5. A safety lifecycle management system based on a risk control platform according to claim 4, characterized in that, The high-frequency warning value Yn is obtained through the following steps: Calculate the difference between the ordinary warning interval and the high-frequency warning interval to obtain the high-frequency warning interval difference; sum all the high-frequency warning interval differences to obtain the total high-frequency warning interval difference, and mark it as Sq; obtain the risk warning interval and mark it as the total number of high-frequency warning intervals, and mark it as Gt; use the formula Yn=Sq×b1+Gt×b2 to obtain the high-frequency warning value Yn, where b1 is the coefficient of the total high-frequency warning interval difference and b2 is the coefficient of the number of high-frequency warning intervals.

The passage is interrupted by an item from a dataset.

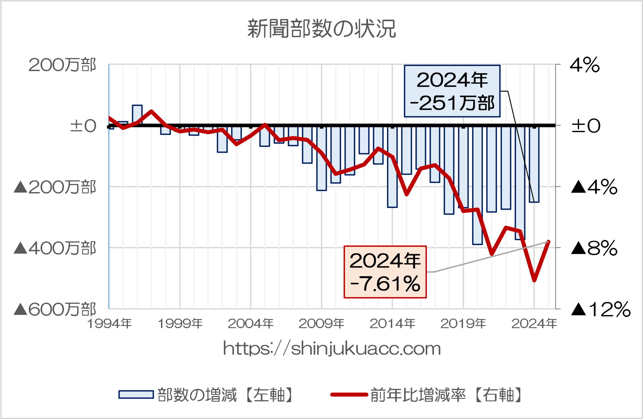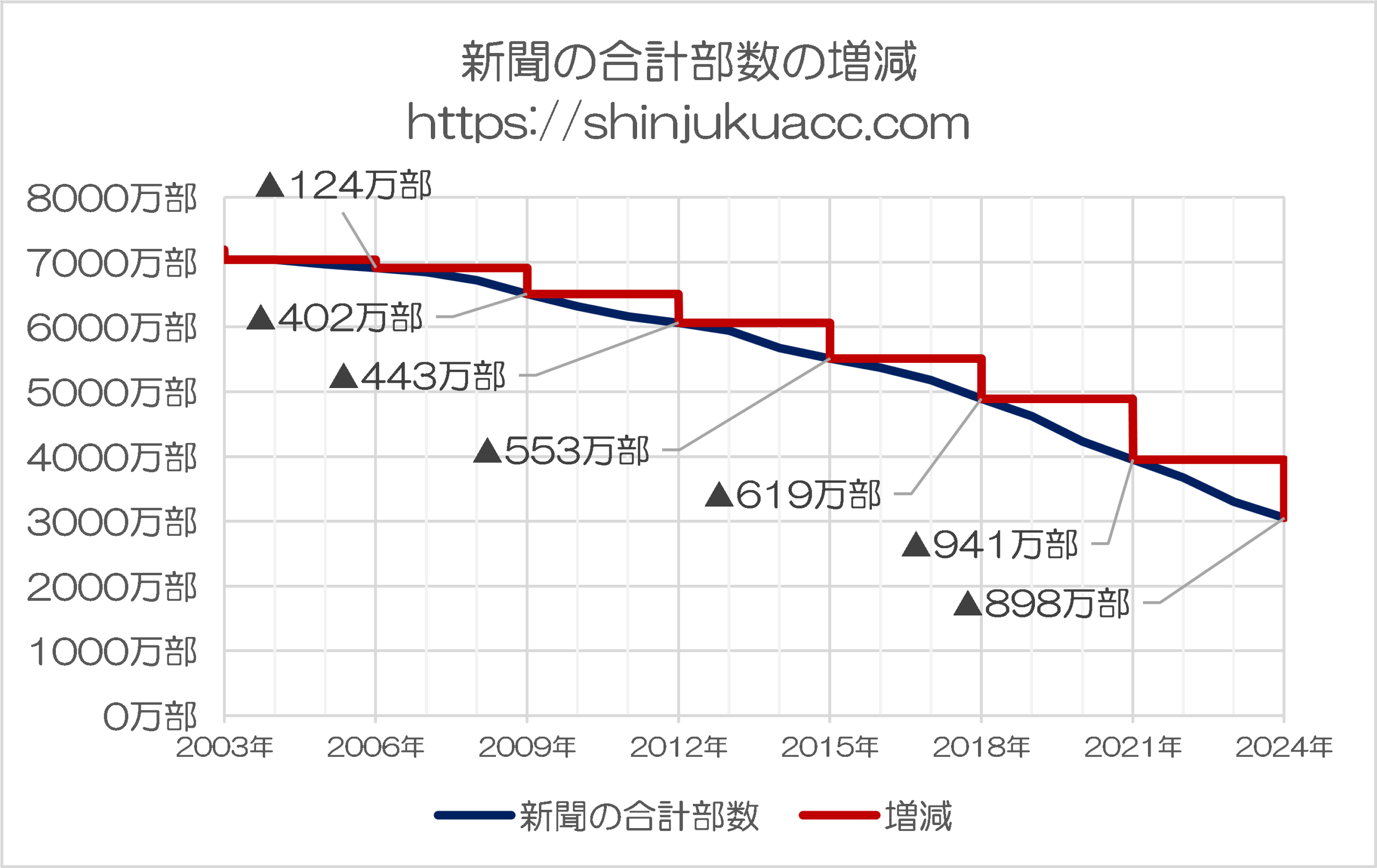 新聞部数の減少、年によって400万部近くに達することも!

6. A safety lifecycle management system based on a risk control platform according to claim 5, characterized in that, The low-frequency warning value Wz is obtained through the following steps: Calculate the difference between the low-frequency warning interval and the ordinary warning interval to obtain the low-frequency warning interval difference; sum all the low-frequency warning interval differences to obtain the total low-frequency warning interval difference, and mark it as Hb; obtain the risk warning interval and mark it as the total number of low-frequency warning intervals, and mark it as Re; use the formula Wz=Hb×c1+Re×c2 to obtain the low-frequency warning value Wz, where c1 is the coefficient of the total low-frequency warning interval difference and c2 is the coefficient of the number of low-frequency warning intervals.

7. A safety lifecycle management system based on a risk control platform according to claim 6, characterized in that, The customer warning value Pm is obtained through the following steps: Pm = Yn × d1 - Wz × d2, where d1 is the high-frequency warning value coefficient and d2 is the low-frequency warning value coefficient.